Optional initialization
To improve performance, define an Init function that executes once when the algorithm loads. Use Init to precompute static data that the RunFPAlgorithm function can reuse during request processing.
function Init() -- precompute static values here end
Access request data
Within RunFPAlgorithm, call Cequence functions through the cequence namespace to access request data.
| Name | Data type | Description |
|---|---|---|
cequence.getHostName(txn) | string | Transaction host header value. |
cequence.getPath(txn) | string | Normalized transaction path. |
cequence.getPathRaw(txn) | string | Transaction path without normalization. |
cequence.getClientIP(txn) | string | Computed client IP. |
cequence.getHeaderValue(txn, header_name) | vector of strings | Header values. |
cequence.headerExists(txn, header_name) | boolean | True if the header exists. |
cequence.getHeaderKeys(txn) | vector of strings | All header names. |
cequence.getHeaders(txn) | map | All headers as name-value pairs. Header names are case-insensitive. |
cequence.getQueryParamValue(txn, param_name) | vector of strings | Query parameter values. |
cequence.queryParamExists(txn, param_name) | boolean | True if the query parameter exists. |
cequence.getQueryParamKeys(txn) | vector of strings | All query parameter names. |
cequence.getQueryParams(txn) | map | All query parameters as name-value pairs. Parameter names are case-sensitive. |
cequence.getCookieValue(txn, cookie_name) | vector of strings | Cookie values. |
cequence.cookieExists(txn, cookie_name) | boolean | True if the cookie exists. |
cequence.getCookieKeys(txn) | vector of strings | All cookie names. |
cequence.getCookies(txn) | map | All cookies as name-value pairs. Cookie names are case-sensitive. |
cequence.getBody(txn) | string | Request body. |
cequence.getBodySize(txn) | number | Size of the request body. |
JSON parsing
You can use the cjson module to parse JSON data within your algorithm.

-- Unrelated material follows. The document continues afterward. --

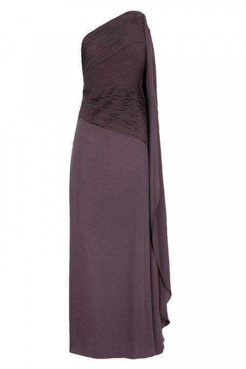 9. O rochie maxi, in stil elen, de culoare inchisa si cu un singur umar este iesita din comun, dar plina de eleganta in croiala ei doar aparent simpla.

local cjson = require("cjson")Example algorithm
The following algorithm computes a fingerprint based on request headers.
function RunFPAlgorithm(txn)
local headers = cequence.getHeaders(txn)
local fingerprint_value = ""
local log_message = ""
for key, value in pairs(headers) do
fingerprint_value = fingerprint_value .. key .. "=" .. value
log_message = log_message .. key .. ", "
end
return fingerprint_value, "Headers: " .. log_message
endUse a dynamic fingerprint in a mitigation policy
To specify a dynamic fingerprint as part of a mitigation policy, follow these steps.
- From the Cequence UAP platform interface, navigate to Threat Protection Mitigation Policies.
- Click Add New Policy.
- The Add New Policy dialog displays. Enter a policy name.
- Enter a policy description.
- Select a policy type.
- Click + next to Mitigator Criteria.
- The Mitigator Criteria pane displays. From the Field dropdown, select Dynamic Fingerprint.
- From the Operator dropdown, select Equals.
- Enter the fingerprint ID.
- Click Add.
The new mitigation policy now uses the dynamic fingerprint.